Powder-coated aluminium built-up lettering

Information you need to know

Powder-coated aluminium lettering is not a good idea. If you have been thinking along the lines of using built-up aluminium lettering with a powder-coated paint finish then we need to explain why this isn’t a good idea.

powder coated aluminium built up letters
Powder coated aluminium built-up letters

These letters are a typical application for powder-coated aluminium built up lettering. These are in fact stainless steel face illuminated letters powder coated Gold.

Why aluminium built-up lettering and powder coating do not mix

If you have read the aluminium built-up lettering page you will know that the only way of joining aluminium built-up lettering is by the use of a structural adhesive.

This adhesive, in our opinion and experience, means that powder-coated aluminium built-up lettering is not a practical option.

How powder coating works

A metal part, in this case, an aluminium built-up letter, has an earth clamp connected to it and then runs through a coating booth. An electrical charge attracts powdered paint onto the metal part. Once covered in powder the metal part then passes through an oven where it is baked. During the baking process the powdered paint fuses to the metal. That’s a rough guide to how powder coating works.

The temperature range of structural adhesive

Structural adhesives used to bond aluminium built-up lettering together have a theoretical maximum operating temperature of around 120 degrees C. Some manufacturers will sell you an HT (high temperature) version which has a maximum range of around 180 degrees C. This, they claim means that structural adhesives are fine for powder-coated aluminium built-up lettering. It is our experience that this is not the case.
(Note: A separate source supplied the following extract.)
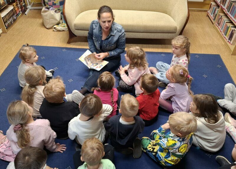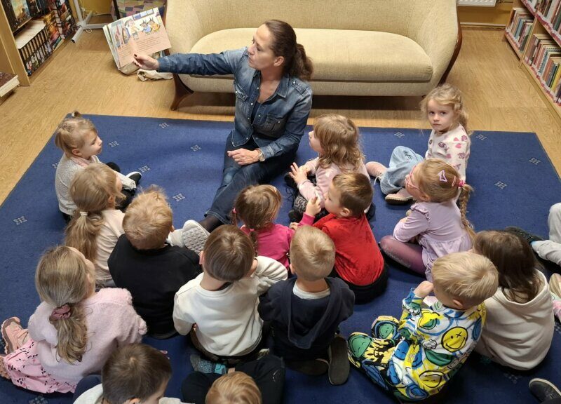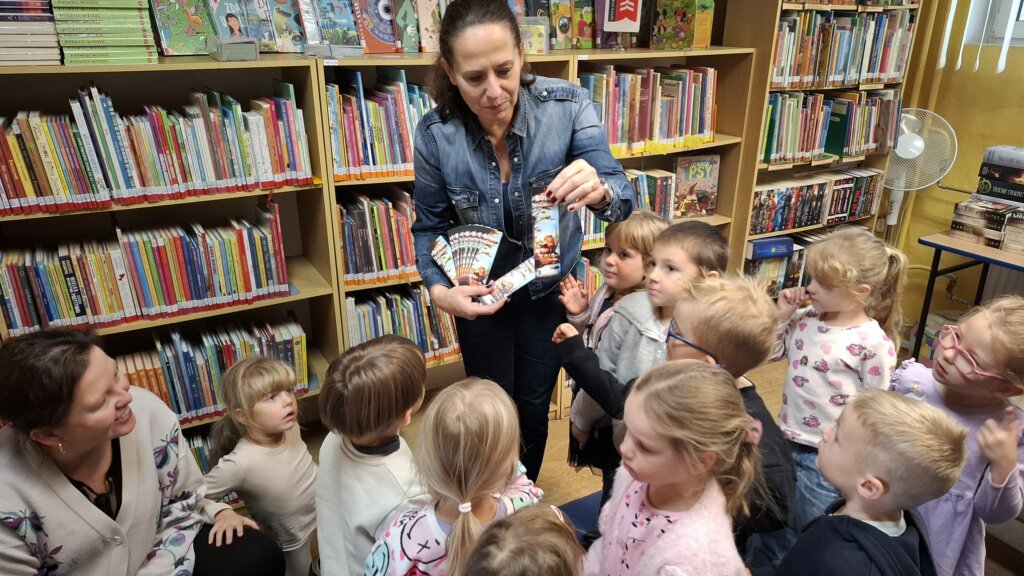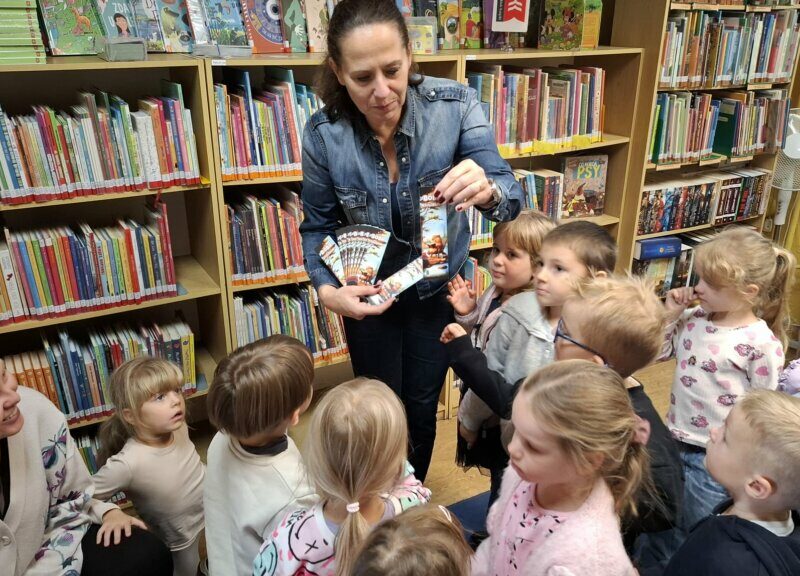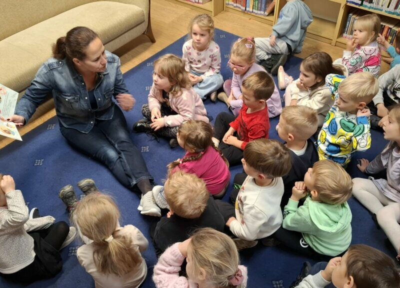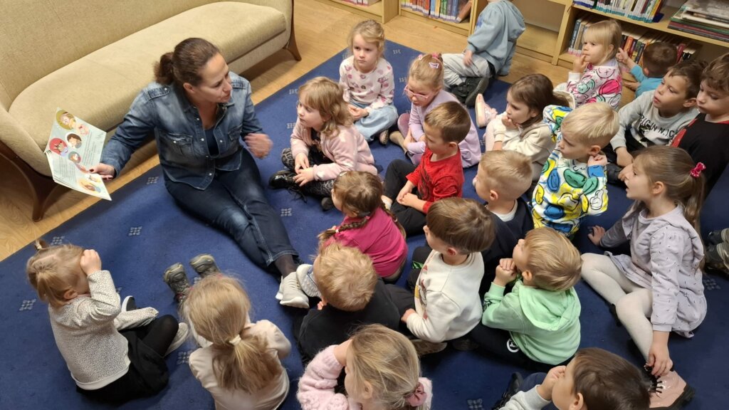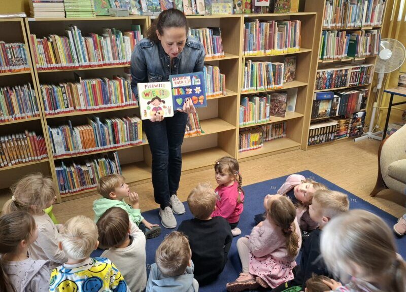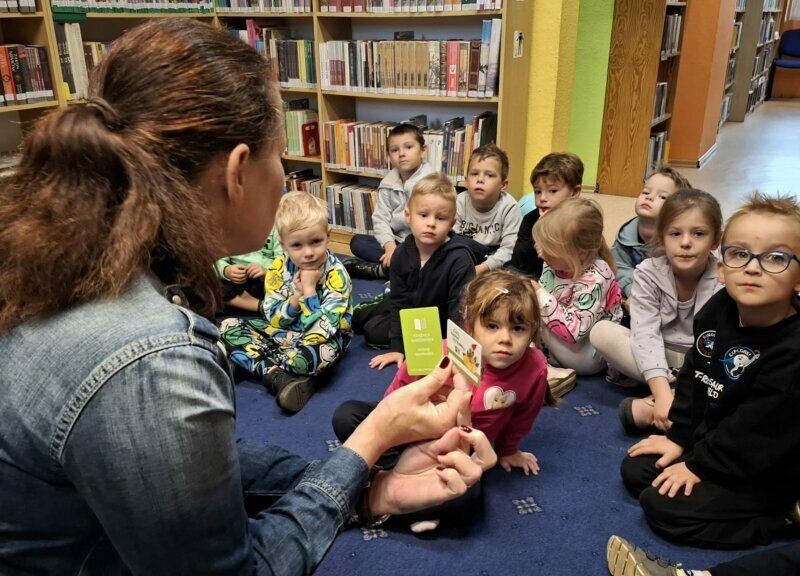 Prezentacja biblioteki oraz jej zbiorów. Zapoznanie z zasadami korzystania z wypożyczalni. Promocja programu „Mała książka – wielki człowiek”.

The operating temperature of powder coating ovens

From our research talking to a number of powder coating companies, we have discovered that the average oven temperatures used in powder coating processes are around 200 degrees C. As you might have already guessed herein lies the problem with powder-coated aluminium built-up lettering the oven temperature exceeds the adhesive temperature.

Some powder coating companies could get close to the 180 degree maximum of structural adhesives but even then they could not rule out temperature changes within the oven. Low-temperature powders were suggested as a solution; these fuse at around 140 degrees C. The problem with low temp powders is cost and availability. Powder coat is sold in a minimum of one 25kg box. Even if you don’t need 25kgs of powder you end up paying for it.

You can’t have powder coated built up lettering then?

Yes, you can. All we need to do is switch from powder-coated aluminium built up lettering to stainless steel built-up lettering. Our joining techniques for stainless steel do not involve any structural adhesives.

For powder coated built up lettering we switch to a high-temperature welding system which delivers joints capable of withstanding almost 300 degrees C far in excess of powder coating oven temperatures.

Why we recommend stainless steel instead of aluminium powder coated built up lettering?

We recommend you use stainless steel instead of aluminium for the simple reason we know stainless steelworks. We’ve researched powder coating and structural adhesives and we know for a fact that the two are not good bedfellows.

Take advantage of our experience and chose a proven alternative once painted there is no discernable difference between built-up letters built from aluminium or stainless steel.

Wet spray painted built-up lettering

If you want powder coated built up lettering we have a proven solution in place. If you need a special paint finish that powder coating cannot deliver we also offer a full paint shop service via our approved sub-contractors. Whatever paint finish you need we have you covered.

Powder-coated aluminium built-up lettering switch to stainless for a better, more reliable result.